# [The data]
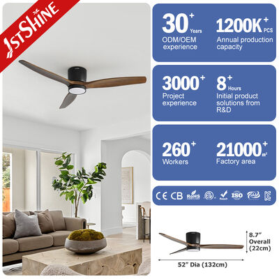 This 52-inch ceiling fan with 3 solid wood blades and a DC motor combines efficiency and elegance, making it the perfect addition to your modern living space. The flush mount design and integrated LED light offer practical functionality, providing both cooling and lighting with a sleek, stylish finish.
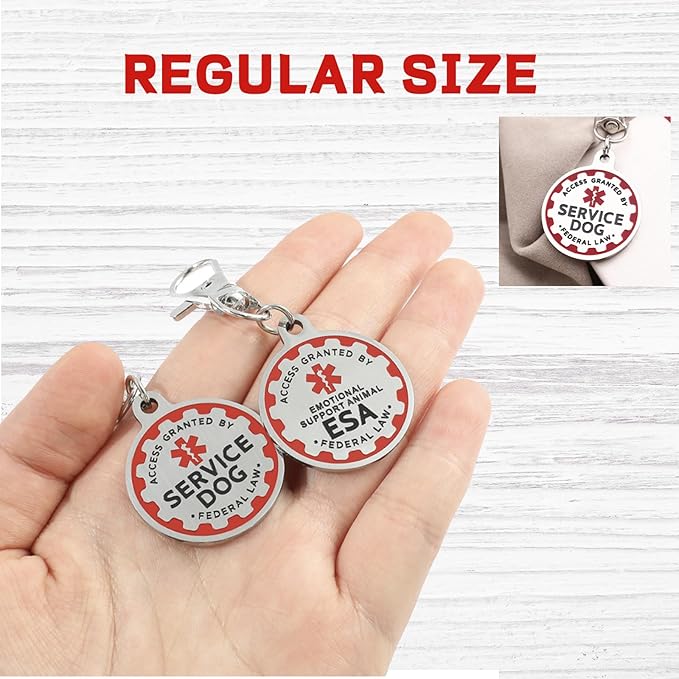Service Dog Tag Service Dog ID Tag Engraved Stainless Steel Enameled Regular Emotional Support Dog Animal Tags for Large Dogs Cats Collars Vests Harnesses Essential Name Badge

==

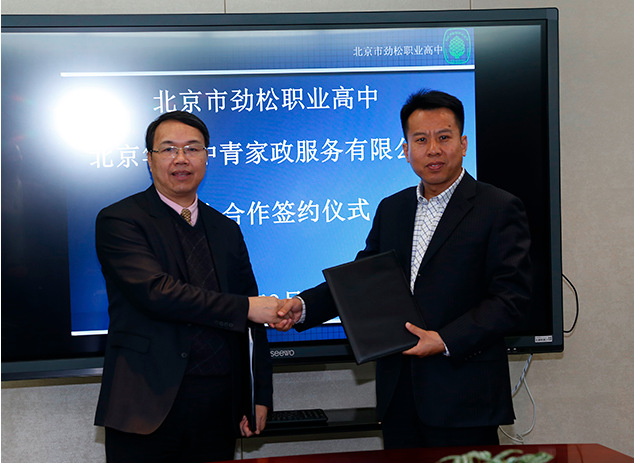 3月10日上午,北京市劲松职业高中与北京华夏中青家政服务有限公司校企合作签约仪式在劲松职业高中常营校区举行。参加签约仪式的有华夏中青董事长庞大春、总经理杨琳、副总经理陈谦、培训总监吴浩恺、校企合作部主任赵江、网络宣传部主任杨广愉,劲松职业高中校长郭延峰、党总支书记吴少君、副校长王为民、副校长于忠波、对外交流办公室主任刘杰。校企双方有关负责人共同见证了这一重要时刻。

# [Task to complete]
Go back to the listing above and write out the lines starting at the one with "This 52-inch ceiling" and ending at the one with "Service Dog Tag", inclusive, exactly and without pictures.

# [Answer space]
 This 52-inch ceiling fan with 3 solid wood blades and a DC motor combines efficiency and elegance, making it the perfect addition to your modern living space. The flush mount design and integrated LED light offer practical functionality, providing both cooling and lighting with a sleek, stylish finish.
Service Dog Tag Service Dog ID Tag Engraved Stainless Steel Enameled Regular Emotional Support Dog Animal Tags for Large Dogs Cats Collars Vests Harnesses Essential Name Badge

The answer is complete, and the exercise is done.